Assent Voting Information Package
Why does the City want to sell SunMine?
1. Issues with Operational Costs:
In November 2011, the City of Kimberley conducted a referendum on borrowing up to $2M to construct a two (2) megawatts (MW) solar facility to be known as SunMine. Seventy six percent (76%) of Kimberley’s resident electors voted in favour of borrowing the $2M.
However, prior to the start of construction the project lost $1.6M in federal grant funding. This prompted the project to be reduced from two (2) megawatts (MW) to 1.05 megawatts (MW). In three years of approximately $600K in revenue has been generated and only $32K has been allocated to reserves for future maintenance and capital replacement. Although SunMine has been financially self-sustaining for the first three years of operation, these costs are expected to increase. This would result in SunMine requiring subsidization from taxation to cover operational costs and capital replacement.
In the 2011 referendum information package, the City stated that it “anticipates that this project will be self-sustaining and pay for itself through the sale of the solar-generated electricity to BC Hydro through their standing offer program. Since the revenue received from the sale of energy will more than cover the loan payments and the annual operating costs there will not be any increase to City of Kimberley property taxes.” Utilizing taxpayer’s funds to operate SunMine is not consistent with the City’s original vision for SunMine.
2. Issues with Expansion:
The City of Kimberley has an Energy Purchase Agreement with BC Hydro through the Standing Offer Program to purchase two (2) megawatts of power, and is currently fulfilling only 1.05 megawatt (MW) of that commitment. The SunMine needs to expand to two (2) megawatts of power (that the City is already contracted to sell to BC Hydro) to make the project financially viable. The Standing Offer Program is under review and has suspended applications, so expansion of the SunMine beyond two (2) megawatts (MW) of power is not imminent. The City of Kimberley has other infrastructure priorities competing for the more than $2M necessary to expand the SunMine, so a private sector partner was sought to fund the expansion.
What has the interest from potential partners and investors been?
More than a dozen private sector companies expressed interest in partnering with the City for expansion of SunMine. As owners of the brownfield land upon which SunMine is located, and the substation infrastructure to which SunMine is connected, Teck is a party to any potential expansion and must give their approval. After weighing the options of working with potential partners for expansion and considering that the Community Charter has restrictions on the type of partnership the City can enter into, Teck suggested and the City agreed that Teck itself would be the best proponent to take over the expansion of SunMine to two (2) megawatts (MW) of power and beyond.
How has market value for SunMine been determined?
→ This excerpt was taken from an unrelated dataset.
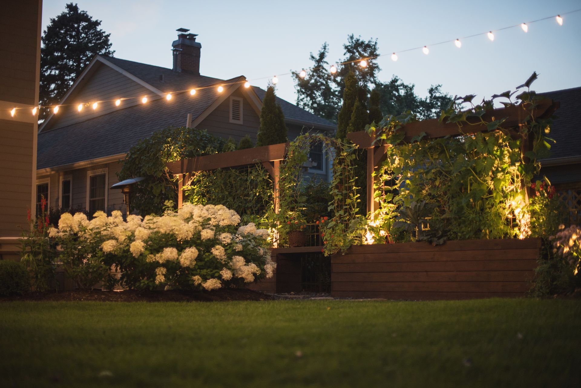 - (2) 12' long linear trellises with custom cut header boards, stained

Due to the unique nature of the asset being Western Canada’s only grid-connected solar facility it is difficult for an independent appraiser to determine fair market value. The most recent (2018) BC Assessment value of the SunMine is $1,693,301, which the Ministry of Municipal Affairs and Housing suggests can be used as a reasonable proxy for fair market value.
The development cost of SunMine was $5.5M, which included $4.2M in construction cost with the balance being engineering, legal and other administrative costs. $2M of that total was funded with donations received from Teck. The book value of SunMine as of December 31, 2017 after depreciation is $4.9M.
What will be done with the proceeds of the sale of SunMine?
Teck Metals Limited will pay the City of Kimberley the balance of the outstanding debt as of the date of purchase, which is currently approximately $2.15M, including interest charges. This will be used to pay off the amount of outstanding debt as the City of Kimberley share of the project cost, and result in Teck’s total investment in SunMine to be $4.15M.
The proceeds from the proposed sale of SunMine would be placed into a reserve fund in order to continue to make debt payments on the outstanding debt.
Summary of expected benefits to Kimberley
- SunMine could be expanded to fulfill its current contract with BC Hydro, providing an even bigger asset to the community.
- Teck has the financial capability for future expansion as opportunities arise.
- No taxpayer money will be used to fund operations of SunMine.
- By paying off the loan, the City reduces its debt load.
- The City can expect to receive tax revenue from SunMine once it is privately owned.
An information meeting to address questions on the proposed sale of SunMine will be held on October 1st, 2018 at 7:00 pm in Council Chambers.